Tests 'doing more harm than good'

The danger is that lower ability pupils will be turned off learning

A study claims that tests for 14-year-olds are not only of doubtful value but may be doing harm.

It concludes that pressure to coach pupils towards the tests and to achieve good results in them is undermining the curriculum.

The study was carried out by the Association of Teachers and Lecturers, working with the National Association for the Teaching of English and the Association of Teachers of Mathematics. It was based on nearly 550 responses from teachers to a questionnaire about English and maths tests at Key Stage 3, followed by two focus groups which met after marked scripts had been returned to schools.

The authors say that the tests tend to turn off pupils of lower ability, producing a negative attitude towards further learning.

Many teachers, they say, still believe that formal assessments by them would be more useful.

'Unreliable'

There are also "serious concerns" about the validity and reliability of the tests and about the quality of external marking, particularly for English.
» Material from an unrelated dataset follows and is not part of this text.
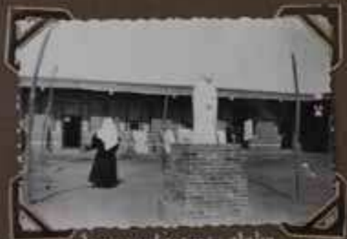
La tour intérieure - statue chinoise de St Christe.

The association notes that this tends to confirm remarks by the Chief Inspector of Schools in England, Chris Woodhead. Mr Woodhead said in a seminar in the London School of Economics that the tests needed to be more "standardised", that year-on-year comparisons were unreliable and that there were problems with how they were administered by teachers in the classroom.


[ image: QCA: Under fire]
QCA: Under fire
The authors of the new study say "the purposes to which national test results are now being put is profoundly de-professionalising, subverting good practice in assessment and, consequently, in the process of teaching and learning."

Their conclusion is that "the ultimate losers are the pupils themselves."

The association's General Secretary, Peter Smith, said: "The Qualifications and Curriculum Authority must, as a matter of urgency, review the way tests are both set and marked. What have they got to hide?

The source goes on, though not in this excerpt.